Отец смотрит на меня с искренним недоумением, словно в первый раз слышит это слово.
Мы боялись вашего гнева. Он всегда овладевал вами неожиданно, и мы часто не понимали, почему вы ругаетесь и деретесь.
— Ты, безусловно, преувеличиваешь.
— Вы, отец, спросили, я попытался ответить.
— Я был скорее кроткий человек.
— Нет. Мы боялись ваших приступов гнева. И не только мы, дети.
— Ты хочешь сказать, что и мать?… что Карин…
— Мне кажется, мать боялась, но по-другому. Мы научились ускользать, и; врать. Правда, должен признаться, говорить об этом сейчас, по-моему, несколько неловко — два пожилых человека. И немного смешно.
— Но мать поистине была не из тех, кто молчал.
— Мать играла роль посредника, миротворца. Даг, например, вызывал у вас постоянное бешенство. Я помню, как часто его пороли. Плеткой. По голому телу. До крови, до струпьев. И мать смотрела.
— Ты упрекаешь меня…
— Нет, я не упрекаю. Я говорю, что наш разговор смешон. Но вы, отец, спросили, и я отвечаю. Мы безумно боялись, выражаясь мелодраматически.
— Я помню, Карин говорила…
— Что говорила?
— Мать иногда, когда сердилась, называла меня «узколобым». В дневниках это есть в нескольких местах: «Эрик непримирим. Эрик не способен прощать и быть снисходительным, и это будучи пастором. Эрик не знает самого себя».
Отец весь поник и съежился. Прикладывает руку к щеке.
— Я ведь уже понес наказание, правда?
— Наказание?
— По-твоему, сидеть здесь, за этим столом, день за днем читая материны дневники, не достаточное наказание? Она ругает даже мои проповеди.

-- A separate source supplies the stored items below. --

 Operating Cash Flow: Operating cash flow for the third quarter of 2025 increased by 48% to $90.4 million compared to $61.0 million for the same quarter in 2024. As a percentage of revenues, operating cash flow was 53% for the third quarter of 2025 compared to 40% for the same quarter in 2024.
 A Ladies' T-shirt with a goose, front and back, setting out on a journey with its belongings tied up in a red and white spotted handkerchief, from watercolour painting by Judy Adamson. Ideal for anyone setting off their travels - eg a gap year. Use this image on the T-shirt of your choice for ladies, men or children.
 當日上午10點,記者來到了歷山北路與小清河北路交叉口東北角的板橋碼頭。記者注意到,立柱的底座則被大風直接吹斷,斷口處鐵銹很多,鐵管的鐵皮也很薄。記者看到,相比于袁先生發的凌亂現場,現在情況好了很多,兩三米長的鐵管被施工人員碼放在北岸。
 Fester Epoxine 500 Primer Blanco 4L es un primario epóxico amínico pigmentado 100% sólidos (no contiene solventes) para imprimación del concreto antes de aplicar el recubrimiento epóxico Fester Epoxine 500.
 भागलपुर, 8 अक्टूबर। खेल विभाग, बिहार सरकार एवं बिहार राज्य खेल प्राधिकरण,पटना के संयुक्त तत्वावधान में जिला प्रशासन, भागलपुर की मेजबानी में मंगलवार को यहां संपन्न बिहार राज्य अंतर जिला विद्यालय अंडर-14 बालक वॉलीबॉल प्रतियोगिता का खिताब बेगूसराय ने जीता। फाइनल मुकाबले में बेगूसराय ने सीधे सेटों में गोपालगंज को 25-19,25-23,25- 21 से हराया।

Отец саркастически улыбается:
— Так что ты и твои брат с сестрой должны быть довольны. Некоторые считают, что ад существует тут, на земле. Теперь я склонен с этим согласиться. Нет, нет, нет. Ты уже уходишь?

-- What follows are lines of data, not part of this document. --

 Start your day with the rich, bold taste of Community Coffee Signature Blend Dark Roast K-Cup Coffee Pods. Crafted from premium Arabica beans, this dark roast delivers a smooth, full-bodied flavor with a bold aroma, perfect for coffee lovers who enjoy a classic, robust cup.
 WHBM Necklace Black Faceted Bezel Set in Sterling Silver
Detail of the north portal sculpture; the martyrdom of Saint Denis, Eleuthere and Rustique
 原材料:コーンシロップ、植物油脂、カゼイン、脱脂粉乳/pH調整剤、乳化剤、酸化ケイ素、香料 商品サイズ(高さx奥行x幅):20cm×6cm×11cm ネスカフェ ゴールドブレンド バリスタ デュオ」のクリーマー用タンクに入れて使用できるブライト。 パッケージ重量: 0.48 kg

Паром причаливает, вода заливает доски настила, понтонный мост раскачивается, повозки съезжают на берег. Отец прощается с матерью и дочерью в одноколке, мальчишки, собравшиеся порыбачить в Юпчерне, берут удочки и кричат «пока» сопящему Пу: они, конечно, заметили, что Пу получил взбучку и, мало того, направляется на мессу в Гронес. Старик со своей грязной коровой ковыляет вверх по откосу.